# Ascaso Dream Group Head leak problem (cont)



## MalcolmH (Dec 10, 2016)

Heres a quote from the initial thread

""""""""

I have an 2011 Ascaso dream, it is the one with the solenoid valve and has a discharge tube on the left hand side.

There is a problem in so far as when water is being demanded through the steam wand, that is with the pump running and steam valve open, a trickle of water discharges through the group head.

Ive never used this feature, if I need to warm cups or pass some water through the system I always just run not through the group. But Im looking to sell this on so would like to fix. Anyone have any ideas as to what the problem might be.

"""""""

After help from @HizerKite and others it looks like the fault lay in the solenoid valve so Ive replaced it.

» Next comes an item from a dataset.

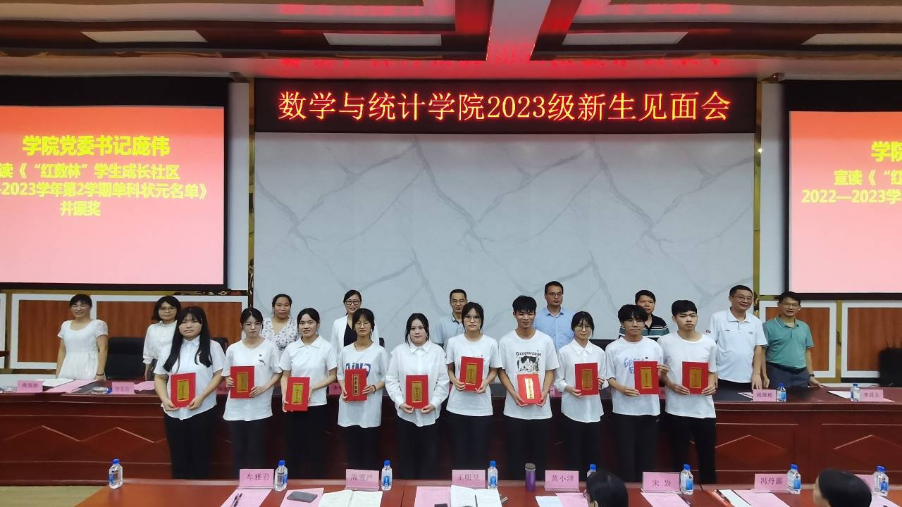 会上,庞伟宣读了《太阳成集团tyc122cc“红数林”员工成长服务社区2022-2023学年度单科状元名单》,杨京开宣读了《太阳成集团tyc122cc“红数林”员工成长服务社区2022-2023学年度达人名单》,与会领导为获奖员工颁奖。庞伟强调,希望全体新生以优秀的学长学姐为榜样,树立远大目标,做好学业规划,营造优良学风,促进全面发展。

After switching the machine back on I now find that its overheating and boiling water/steam is venting through the discharge tube on the left hand side. Im wondering if I have the solenoid the right way round, I have port 1 connected to the 'T' piece and port 2 to the teflon tube connecting to the central internal boiler pipe. I wonder if HizerKite can conform this is correct. Otherwise, looks like the coffee thermostat needs replacing??

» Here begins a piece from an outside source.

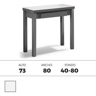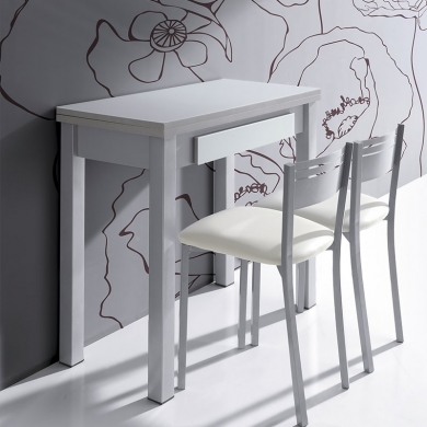 Mesa de cocina fabricada con estructura metálica en cromo mate de alta calidad, tapa de cristal templado y ala extensible de madera lacada a juego.

Any help would be gratefully appreciated. Im stuck.


----------



## HizerKite (Feb 25, 2011)

Hi Malcolm, any chance you can upload a photo of how it's connected? The solenoid valves don't often fail though could I guess become clogged with scale. The thermostat on these is a simple bi metalic type and you should be able to hear it click in and out when the temperature reaches around 100c. As I remember, there are 2, one for normal coffee and the 2nd which is switched in for steam production, this should click off at aroound 125c or maybe a little higher.

Is frustrating as if I had the machine here I could sort it easlilly.

Regards

Richard


----------



## MalcolmH (Dec 10, 2016)

Thankyou @HizerKite,

Ive attached a couple of pictures








The port that is connected to the teflon tube that goes to the centre of the boiler is marked '2'.

I cant hear the thermostat clicking it simply boils then steam output to the discharge tube on the LHS. When th esteem switch is selected there i son change. I don't have a multimeter to check that thermoststat

Also when the pump is on and steam valve opened water still trickles out the group. Arrghh


----------